Re: New blog post - "My first time" - by Amir Weintraub
New Blog Post - Crash
The tennis player roller-coaster is a weird thing that can drive you insane. Last week I've told you about my first Grand Slam, but the same train which took me to the heights of unbelievable excitement, took me this week to the lowest place.
The mid-stop on the way to reality was in Hong-Kong. 10 hours wait on a bench back from Australia to Israel. The final stop of the train was when I landed in Israel in order to participate in a future in Eylat.
I think the simplest way to describe what I went through mentally is this – I left a 20 million tournament for a 10,000 dollars tournament. To explain this in soccer terms – I think I played a champion league game abroad, and the next day I got on the field for a C League game.
The second problem which is killing me is the status change. In Australia I was nothing and no one, a player ranked 270 in the world which nobody know and nobody pay any attention to, trying to win one match in qualifications. Here in Eylat I got, overnight, the status of the number one ranked player in the tournament. I'm top seed, I'm this Future's Nadal.
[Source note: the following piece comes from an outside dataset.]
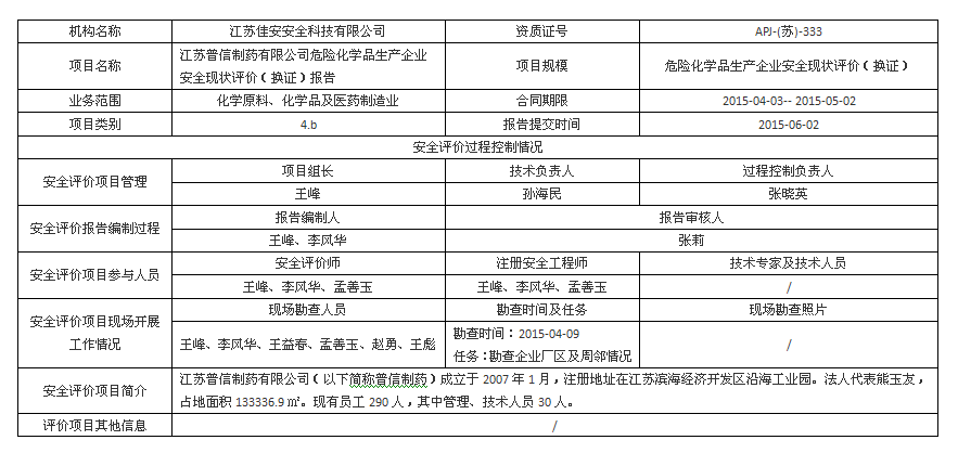 江苏普信制药有限公司 危险化学品生产企业安全现状评价(换证)报告

I'm the guy everybody mark and everybody want to beat.
If in Australia the pressure was to do the unbelievable and win a round of qualifications, here in the pressure is, among other things, the panic of losing to a 'no-name'.
So I'm top seed, and on paper I'm suppose to win this, but check how many times the top seed in a Future takes the tournament. It barely happens. Unfortunately, this statistic also killed me this week.
So, how trickey are those little tournaments? So it's like this – in the first guy I got a Swiss guy who is 18 years old. There are 1,753 players in the world ranking, and this guy isn’t even amongst them. I don't know him, I can only find before the match someone who tells me that the guy was "good and you should be careful'. I won 6-2, 6-2.
I went to sleep with one ranking point that I got for victory and a 100 dollars. I'm back to the reality where victory is worth one ranking point (how can you move ahead like that? It's like trying to conquer the Everest when you're only allowed to take one step every day) and to a financial reality where I spend more money than I make. Because I'm in Israel, I allowed myself to go "wild" and brought my coach, Shlome Tzoref, with me. Which means the burden of food and hotel expenses that I need to pay for him, but if I won't take Tzoref to tournaments in Israel and won't allow myself to spend a little on some extra professional expenses, then there really are no boundaries to being a tightwad.
A future is the lowest level of tournaments. There are over 450 tournaments like that during the year. But these are the real life of most of the tennis players I meet. We don't talk about Australia Qualifications, and the dream is to get out of the horror circle and manage to enter challengers.
The week later the draw summoned me a Russian guy called Alexander Rumyantsev., 548 in the world. Decent.
A day later it is already Walter Trusendi., 392 in the world, highly ranked for a future. I pass him an already see the finals on the horizon, even though I know deep down that I'm not playing well ever since I got to Eylat. I discover that the things I'm going through in my career lately are messing with my head.
I've been in Eylat for four days already and the head isn't cleared of Australia yet. I find myself tell people about my experiences from Melbourne - meeting Dudi, how Shahar Peer, just a few days ago, took me under her wing, tried to guide me and calm me down.
The head is already busy with the official summon I got for the DC team, being the number 2 racquet for the upcoming tie in March against Poland. Me and Dudi will lead the team. Where am I, and where is that Future that I'm playing in right now?
The punishment comes swiftly. In the semis I get a guy called Roman Vogeli, Czech dude. I look at the lists and see the guy is ranked 638 in the world. I'm Amir Weintroub, number 270 in the world, ex qualification grand Slam. I go to play the match and get thumped 6-3,6-3. Australia seems like a nightmare to me.
I think this is the most disappointment part. Playing in Australia made me really believe that I'm at the level of those guys, ranked between 100 – 200 in the world, I'm dealing with them great, I feel I belong in this level. I feel I have learned in the past few weeks how to fight, I'm a different person in many ways.
In the middle of all of that I lose to the 638 in the world. So, was the last month the abnormal one? Some of the answers I will get this week – I have another future in Eylat. The race for 17 ranking points starts all over again…
Last edited by Or Levy; 01-25-2011 at 06:43 AM.